INSTRUCTIONS TO FOLLOW — From the line that contains "科创50和创业板指成分股调入" through the closing line of the entries, write out each line exactly; pictures stay out.

:: ENTRIES PROVIDED

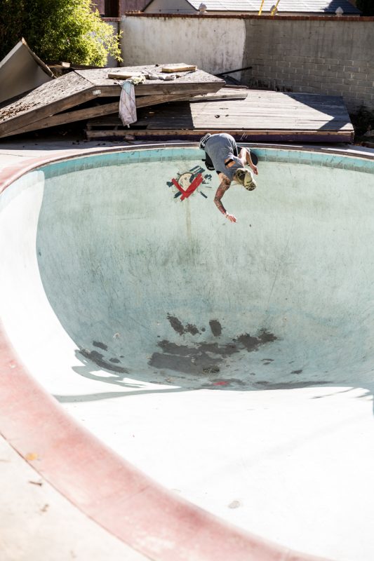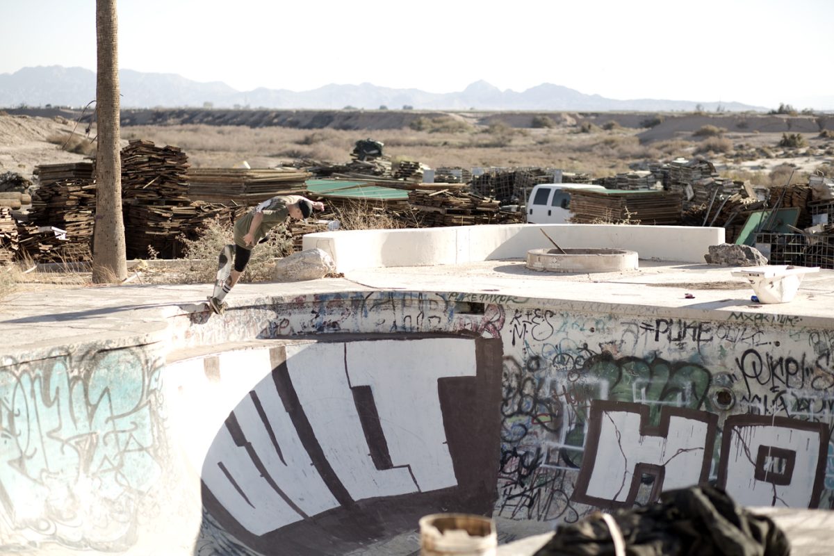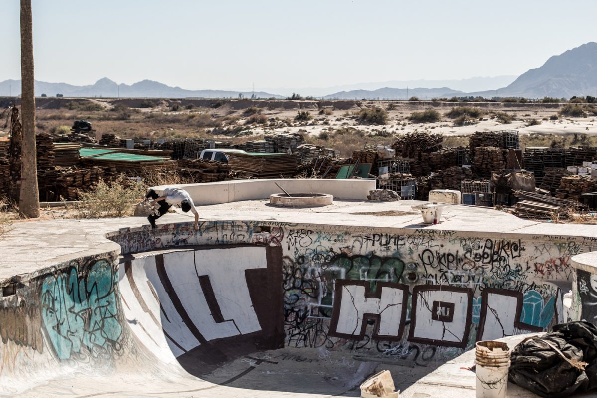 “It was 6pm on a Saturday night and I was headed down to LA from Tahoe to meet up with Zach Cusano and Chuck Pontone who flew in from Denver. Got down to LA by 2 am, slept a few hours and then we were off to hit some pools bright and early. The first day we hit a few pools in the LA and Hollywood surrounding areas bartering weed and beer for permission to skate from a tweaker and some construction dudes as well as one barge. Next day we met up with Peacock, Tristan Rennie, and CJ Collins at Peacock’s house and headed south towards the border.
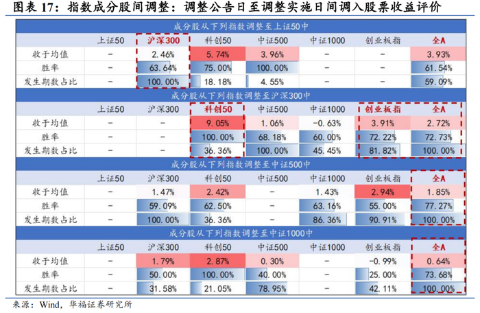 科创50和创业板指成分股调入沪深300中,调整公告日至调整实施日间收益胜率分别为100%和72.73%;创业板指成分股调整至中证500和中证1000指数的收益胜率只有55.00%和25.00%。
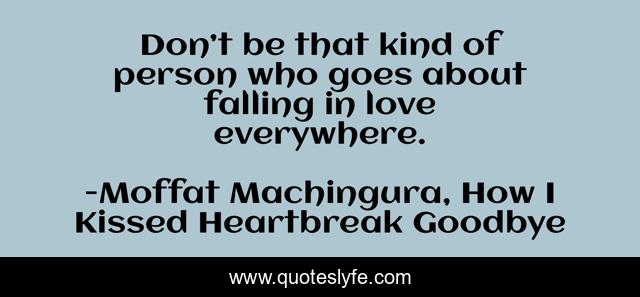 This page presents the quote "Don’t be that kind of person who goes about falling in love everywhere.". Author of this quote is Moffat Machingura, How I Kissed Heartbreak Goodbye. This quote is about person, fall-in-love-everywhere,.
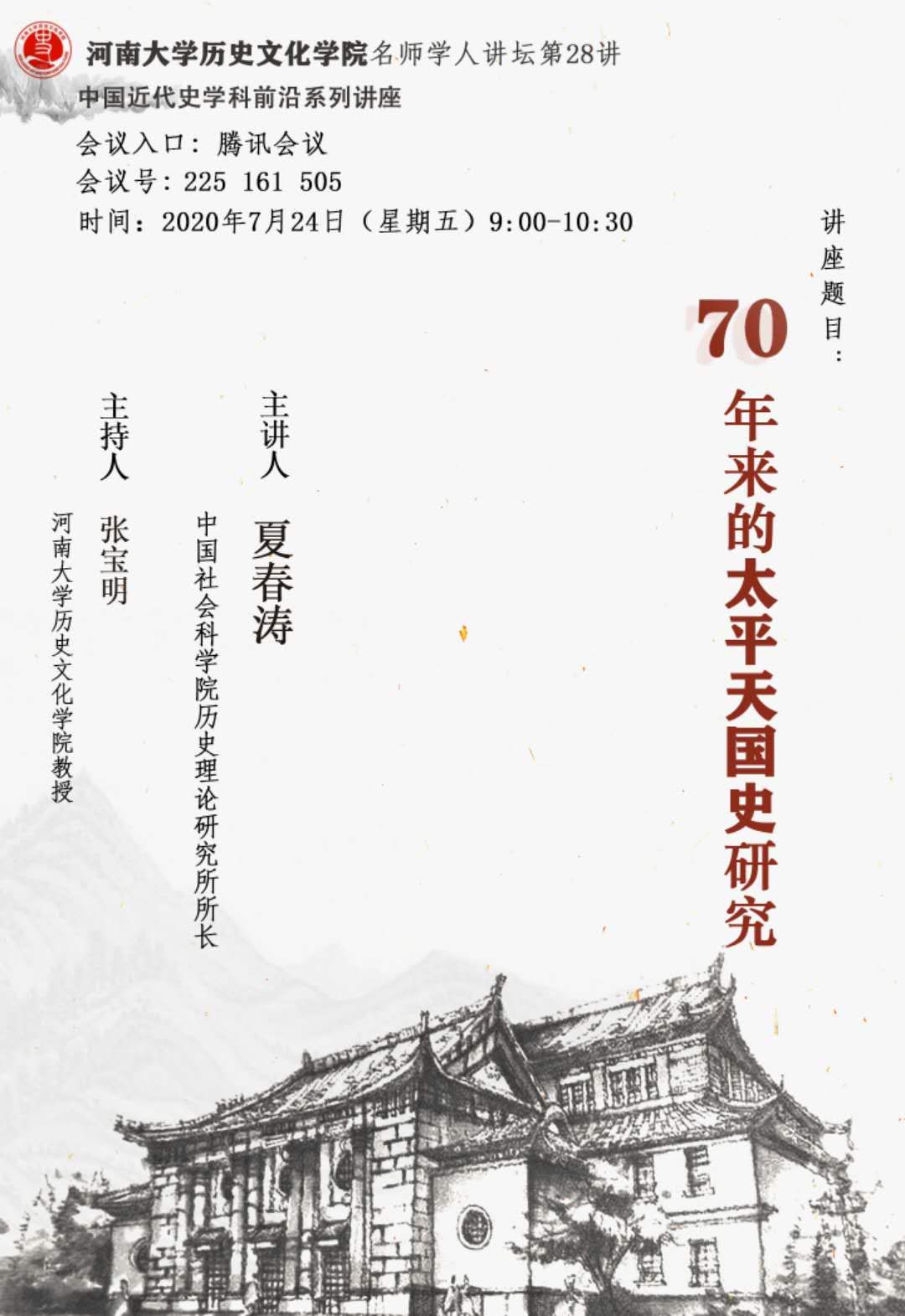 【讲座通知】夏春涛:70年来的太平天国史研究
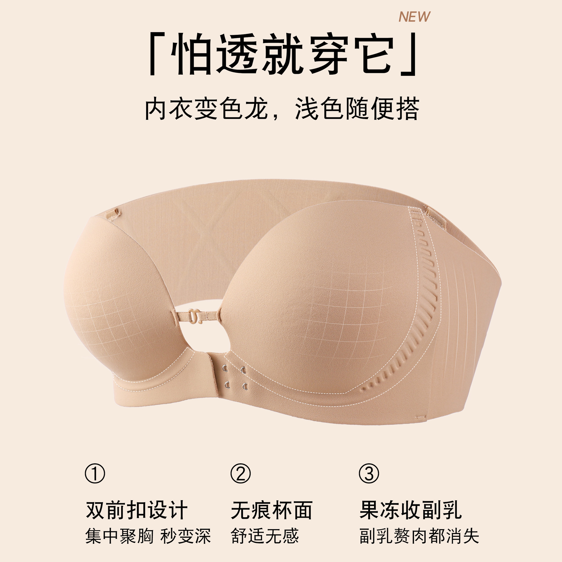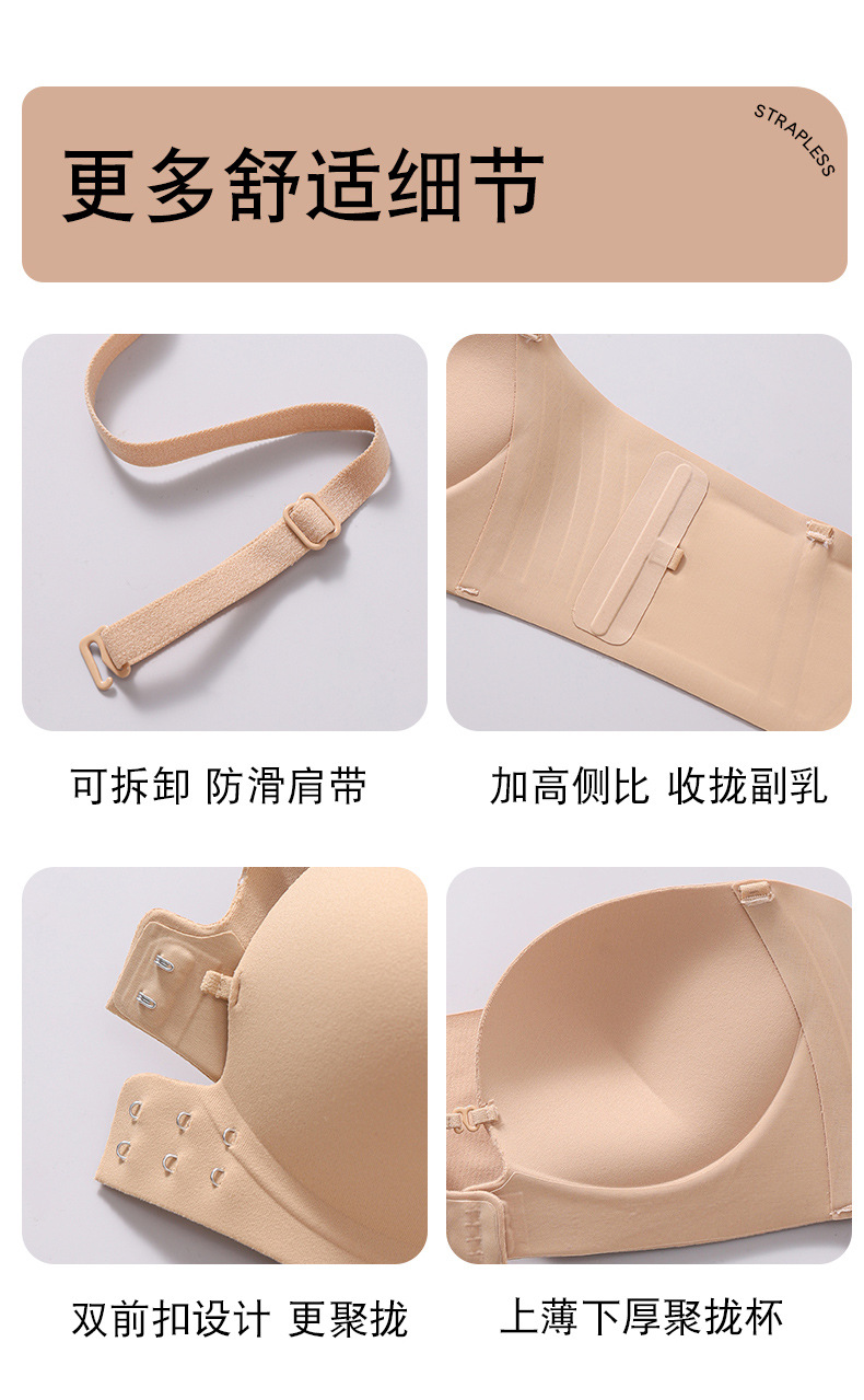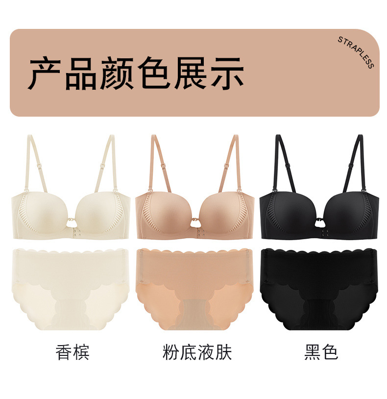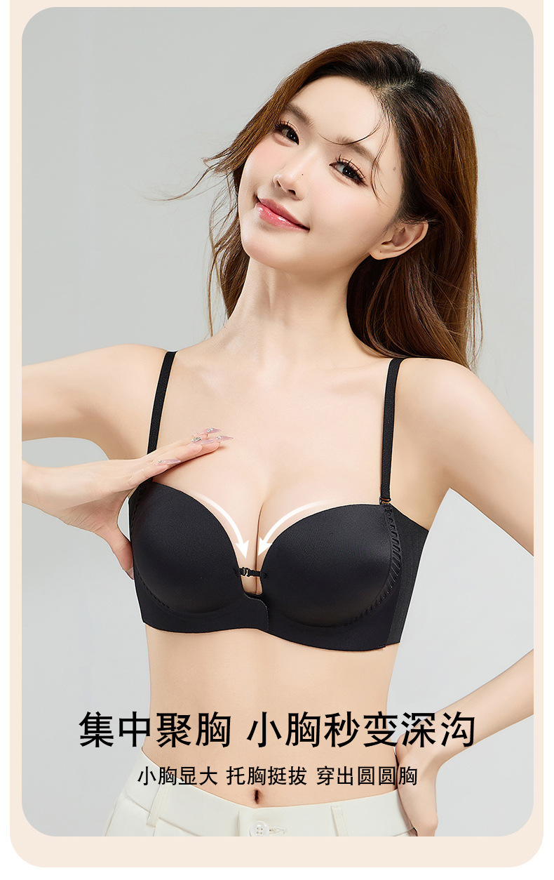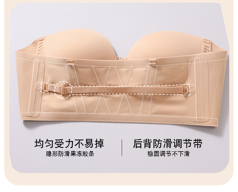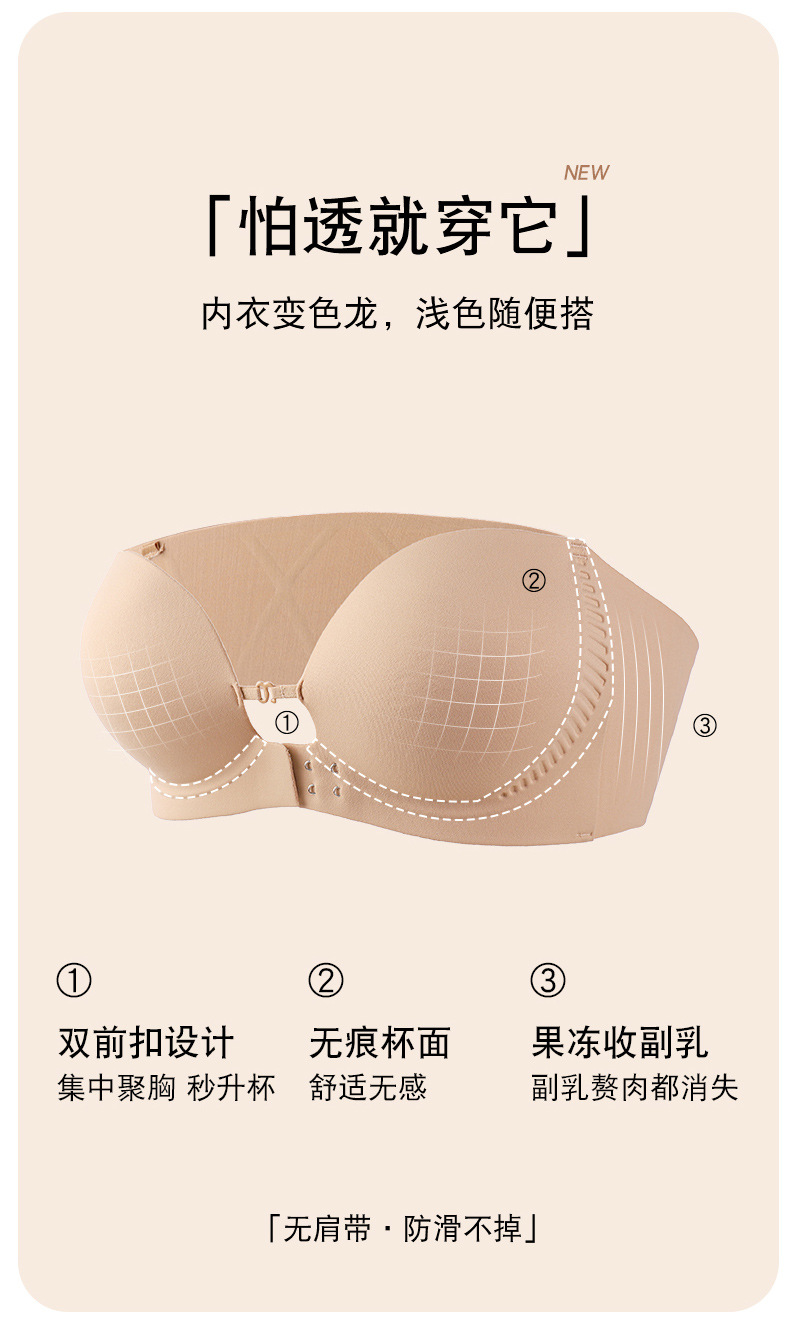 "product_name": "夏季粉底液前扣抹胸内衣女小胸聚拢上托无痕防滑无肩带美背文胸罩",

::::

COMPLETED EXERCISE —
 科创50和创业板指成分股调入沪深300中,调整公告日至调整实施日间收益胜率分别为100%和72.73%;创业板指成分股调整至中证500和中证1000指数的收益胜率只有55.00%和25.00%。
 This page presents the quote "Don’t be that kind of person who goes about falling in love everywhere.". Author of this quote is Moffat Machingura, How I Kissed Heartbreak Goodbye. This quote is about person, fall-in-love-everywhere,.
 【讲座通知】夏春涛:70年来的太平天国史研究
 "product_name": "夏季粉底液前扣抹胸内衣女小胸聚拢上托无痕防滑无肩带美背文胸罩",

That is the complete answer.